On Tuesday the market showed mostly negative dynamics. The utilities sector, together with the technology sector, showed strong growth, but the energy sector declined noticeably. The released economic data turned out to be disappointing, but many market participants linked it with force majeure in February. Retail sales fell 3% last month, according to data from the Commerce Department. Economists were expecting a decline - albeit a smaller 0.5% - after a jump in spending earlier in the year. February is usually a quiet month for retail sales, and the weather has slowed sales as well. Meanwhile, according to the Fed, industrial production fell 2.2% in February from January, breaking a four-month rise. The bulk of the decline was due to winter weather, which put some businesses on hold, the central bank said.

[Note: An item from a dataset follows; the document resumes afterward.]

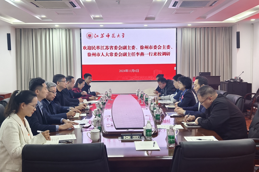 11月6日下午,民革江苏省委会副主委、民革徐州市委会主委、徐州市人大常委会副主任李燕一行来我校调研。校党委副书记蔡国春出席调研活动,统战部、人事处、科学技术研究院、物理与电子工程学院、化学与材料科学学院等单位有关同志参加调研座谈。
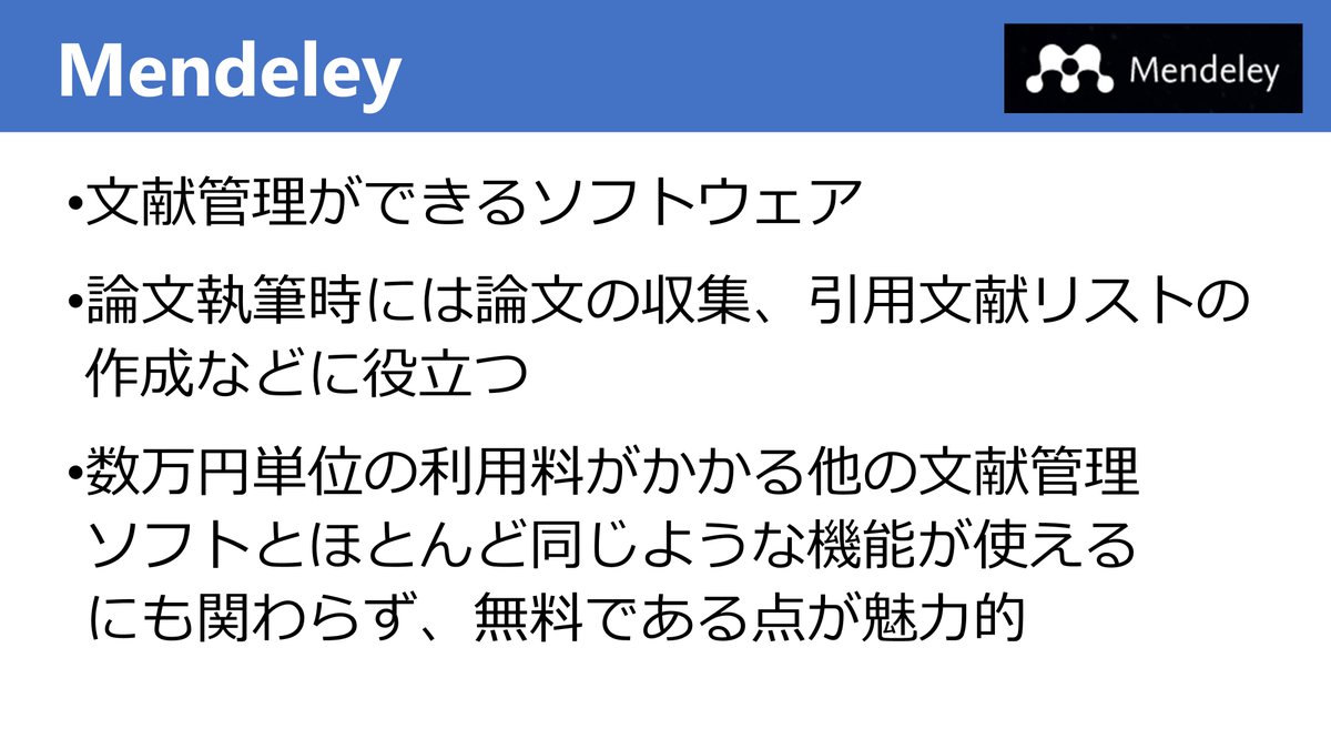 そこで、無料の文献管理ソフトでおすすめなのがMendeley。有料ソフトとほとんど遜色ない機能が使えます。

The results of the Fed meeting contributed to the growth of stock indices on Wednesday. As expected, the course of loose monetary policy was maintained until the US economy further recovers from the impact of the pandemic. At the same time, there was an improvement in economic growth prospects. According to the updated forecasts, most of the 18 participants in the meeting still expect the short-term interest rate to remain close to zero until the end of 2023. Fed chief Powell said the government's bailout helped "stave off one of the worst-case scenarios for the economy," and it was recovering faster than expected. He also said the Fed will continue to do whatever is necessary to support the recovery in the future. Powell noted that "the continued vaccination of Americans gives hope for a return to more normal conditions later this year."

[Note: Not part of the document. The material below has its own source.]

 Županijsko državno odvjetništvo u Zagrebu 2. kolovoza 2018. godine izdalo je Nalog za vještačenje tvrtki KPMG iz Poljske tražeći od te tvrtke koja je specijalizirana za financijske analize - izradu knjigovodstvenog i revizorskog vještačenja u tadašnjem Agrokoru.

The next day the fall in shares in the energy and technology sectors caused a general decline in major US stock indexes. Market participants also drew attention to the US data. As it became known, the number of weekly jobless claims rose unexpectedly last week, but the labor market is recovering as the acceleration of vaccinations leads to the resumption of the opening of more businesses. Initial claims for unemployment benefits were at a seasonally adjusted 770,000 for the week ended March 13, up from 725,000 in the previous week, the Labor Department said. Economists forecasted 700,000 applications. Meanwhile, the Conference Board report showed that the US Leading Indicators (LEI) index rose 0.2 percent in February to 110.5 (2016 = 100) after increasing 0.5 percent in January and 0.4 percent in December. ...

The week ended with a preferential decline, as the rise in the health sector quotes was offset by the fall in the financial sector. Investors also focused on the first high-level talks between the Biden administration and Chinese officials, during which both sides exchanged criticism.